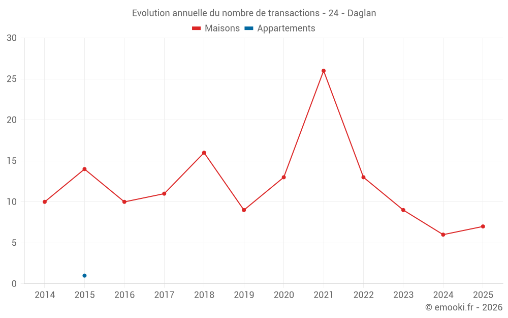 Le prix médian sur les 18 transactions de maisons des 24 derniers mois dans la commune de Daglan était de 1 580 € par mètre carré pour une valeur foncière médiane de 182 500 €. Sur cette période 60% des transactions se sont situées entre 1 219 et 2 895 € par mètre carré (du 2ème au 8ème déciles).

--

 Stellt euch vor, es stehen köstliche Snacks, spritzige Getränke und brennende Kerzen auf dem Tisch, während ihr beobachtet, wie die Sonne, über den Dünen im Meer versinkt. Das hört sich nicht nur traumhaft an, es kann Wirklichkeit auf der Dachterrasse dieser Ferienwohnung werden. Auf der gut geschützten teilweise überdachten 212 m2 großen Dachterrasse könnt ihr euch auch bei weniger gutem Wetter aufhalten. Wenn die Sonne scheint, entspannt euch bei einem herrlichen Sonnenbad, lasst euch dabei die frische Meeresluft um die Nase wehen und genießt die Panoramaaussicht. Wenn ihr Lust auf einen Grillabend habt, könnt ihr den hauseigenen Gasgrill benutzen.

* * *

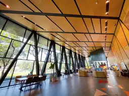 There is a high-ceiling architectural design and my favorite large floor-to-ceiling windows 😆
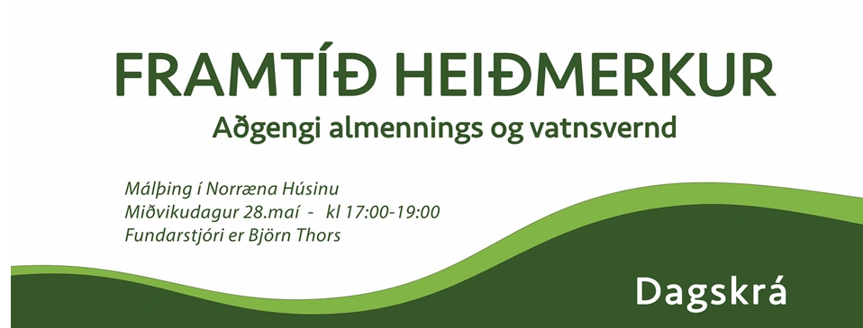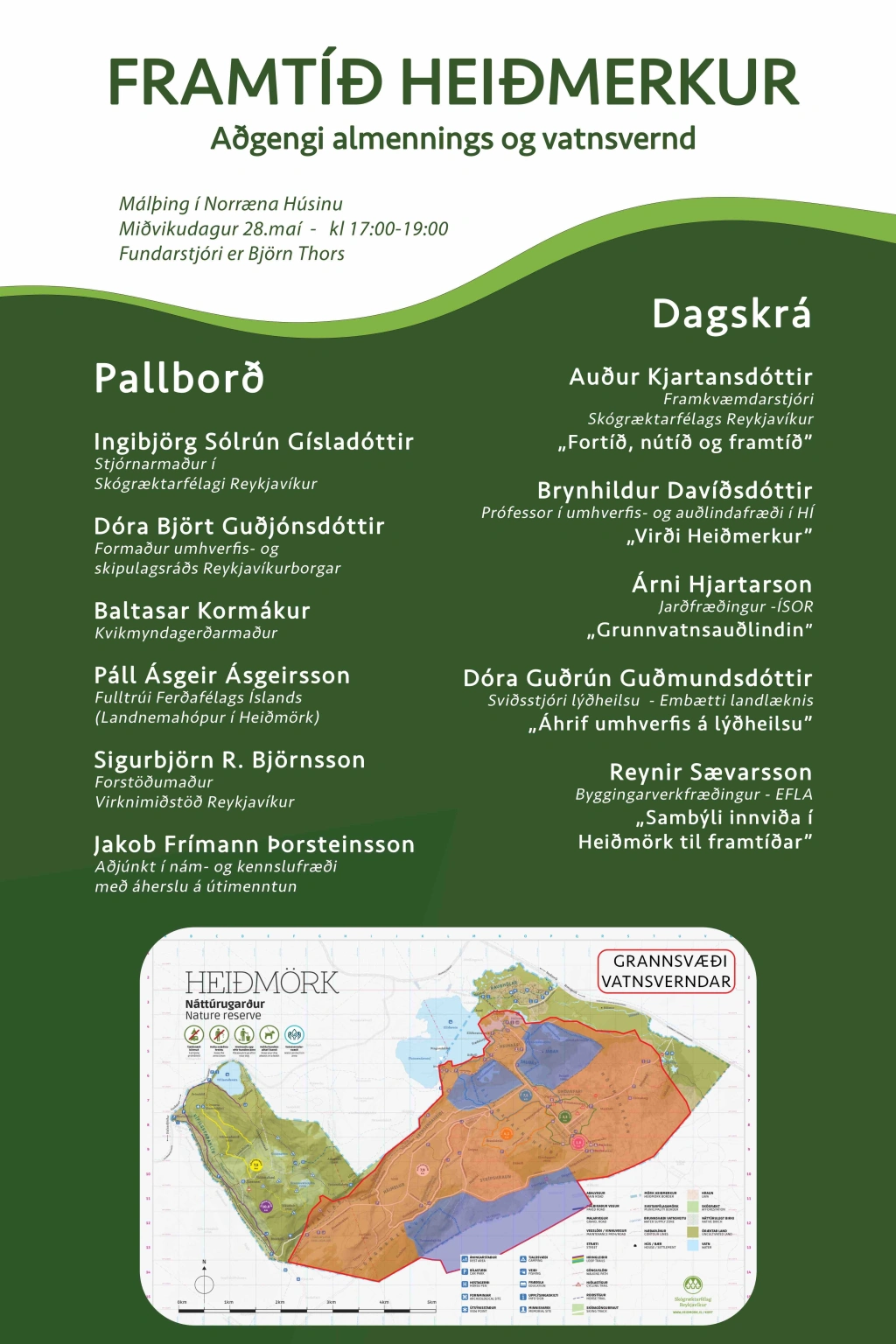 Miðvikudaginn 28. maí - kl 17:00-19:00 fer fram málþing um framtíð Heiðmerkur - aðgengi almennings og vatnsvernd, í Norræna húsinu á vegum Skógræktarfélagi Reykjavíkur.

*What the task requires:* Leave out the images and write out the lines above exactly, from the one with "There is a high-ceiling" up to and including the one with "Miðvikudaginn 28. maí".

*Written solution:*
 There is a high-ceiling architectural design and my favorite large floor-to-ceiling windows 😆
 Miðvikudaginn 28. maí - kl 17:00-19:00 fer fram málþing um framtíð Heiðmerkur - aðgengi almennings og vatnsvernd, í Norræna húsinu á vegum Skógræktarfélagi Reykjavíkur.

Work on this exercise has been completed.